O backup de oxigênio do Hospital Lauro Reus precisou ser utilizado e a equipe de manutenção da instituição solicitou apoio da Air Liquide para o correto acionamento da central, pedido que foi prontamente atendido. É importante esclarecer, inclusive, que as equipes de manutenção de todos os clientes atendidos pela Air Liquide Brasil contam com o treinamento de sua equipe técnica para a devida operação dos tanques em diferentes situações.
A Air Liquide Brasil informa que o abastecimento de oxigênio do Hospital Lauro Reus foi imediatamente restabelecido.
A Air Liquide Brasil tem empenhado todos os seus esforços logísticos, operacionais e de produção para garantir o abastecimento de oxigênio a todos os hospitais que atende em diferentes cidades do País, em consonância com a sua prática de proteger vidas vulneráveis.
Certos de sua compreensão quanto às informações expostas até aqui, a Air Liquide Brasil agradece a atenção e permanece à disposição.
Air Liquide Brasil
Nota da prefeitura municipal de Campo Bom
"Devido à situação ocorrida no Hospital Lauro Reus na manhã desta sexta-feira (19), a Prefeitura de Campo Bom vem por meio desta nota, esclarecer:
Nesta manhã, ocorreu uma instabilidade na rede central de distribuição de oxigênio do hospital. Assim que a Prefeitura soube do ocorrido, prontamente, por intermédio do prefeito Luciano Orsi, do secretário de Saúde João Paulo Berkembrock e da equipe técnica do hospital, colocou à disposição todo o auxílio possível para manter a oxigenação dos pacientes. Foram enviados reforços do Samu e outros profissionais da saúde, entre médicos e enfermeiros, se deslocaram para prestar ajuda. Além disso, foram providenciados carregamentos com mais cilindros de oxigênio como medida de retaguarda.
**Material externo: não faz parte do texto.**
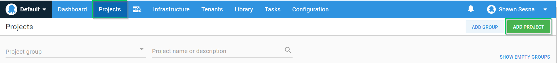 To create a new project, click on the Projects tab, and click the ADD PROJECT button:

Seis pacientes, considerados casos muito graves, internados nas Unidades de Terapia Intensiva e Semi-intensiva, infelizmente acabaram falecendo.
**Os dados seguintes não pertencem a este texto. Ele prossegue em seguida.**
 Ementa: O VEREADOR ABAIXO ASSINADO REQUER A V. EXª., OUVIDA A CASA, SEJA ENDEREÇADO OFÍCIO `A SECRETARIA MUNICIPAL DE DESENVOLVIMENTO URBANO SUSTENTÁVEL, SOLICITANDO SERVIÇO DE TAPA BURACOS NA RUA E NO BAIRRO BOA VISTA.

O Hospital Lauro Reus já instaurou uma sindicância para averiguar a causa. Mais informações podem ser verificadas em nota oficial do hospital."
Nota da SES na íntegra
"A Secretaria da Saúde, preocupada com a falta de oxigênio nos hospitais gaúchos, oficiou todas as unidades hospitalares para que fosse mantido um estoque mínimo de oxigênio, suficiente para uma semana.
A SES teve conhecimento do fato ocorrido em Campo Bom e, imediatamente, acionou o hospital, que confirmou os seis óbitos. Todavia, os óbitos teriam ocorrido devido a uma falha no sistema de distribuição de oxigênio, e não pela falta desse. Estamos oficiando o hospital neste momento para que tenhamos informações mais detalhadas do ocorrido."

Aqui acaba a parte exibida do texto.